SNMP Usage

Field

Description

time-stamp

The time between the last initialization of the network entity that issued the trap

 

and the generation of the trap.

 

 

variable_bindings

Additional implementation-specific information relating to the trap.

 

 

SNMP Usage

SNMP requests act on a variable-per-variable basis. However, in most cases, you will want to modify multiple variable first, then after all the changes are done, submit the whole configuration and apply all of the changes at the same time. To accomplish this, the following provisions were made:

SNMP Get requests are served from the actual configuration the device is using

SNMP Set requests are cached by the SNMP agent and retained until the configuration is committed

An additional MIB variable is included in the System Configuration group to let the user control the edition operation. The variable name is configEditionControl and its possible values are:

-noAction

-editing

-applyCfgChanges

-discardCfgChanges

Changing a Configuration

To begin a configuration change, you can modify a variable in the System Configuration group. The SNMP agent automatically changes the configEditionControl value to “editing”. A timer starts to give you a period of time to use the SNMP interface for configuration changes. This expires after 30 minutes of no activity. A detailed explanation of this timeout feature is described below.

Another possibility is to manually set the configEditionControl value to “editing” before changing any other variable. The resulting behavior is the same.

Once an edition has started, you can modify as many variables as needed. When all of the changes have been made, set the configEditionControl value to “applyCfgChanges”. This tells the SNMP agent to validate the cached configuration and, if successful, commit it to flash.
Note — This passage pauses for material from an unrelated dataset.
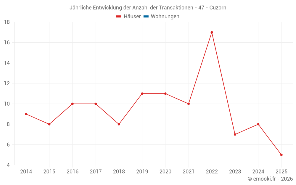 Der Durchschnittspreis auf den 19 Hausgeschäften der letzten 24 Monate in der Gemeinde Cuzorn betrug 1 650 € pro Quadratmeter für einen mittleren Immobilienwert von 153 000 €. Über diesen Zeitraum hinweg lagen 60% der Transaktionen zwischen 1 053 und 2 068 € pro Quadratmeter (vom 2. bis zum 8. Dezil).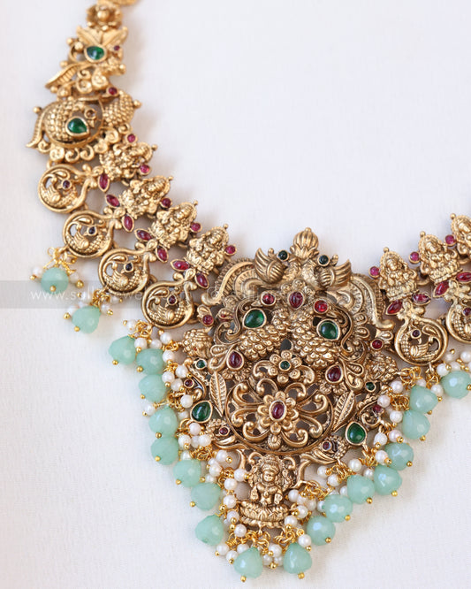 Sullie Basic - Peacock Lakshmi Necklace with Mint Beads and Earrings

Before committing a configuration to flash, it is validated. If correct, it is saved and the device resets. If there is a problem with the validation, the MIB variable “lastSNMPError” contains the error code and the MIB variable “lastSNMPErrorString” contains the corresponding error message. You can obtain these values using SNMP Get requests. The SNMP agent keeps the cached configuration in memory, so you can review and fix the problem, then try to commit again.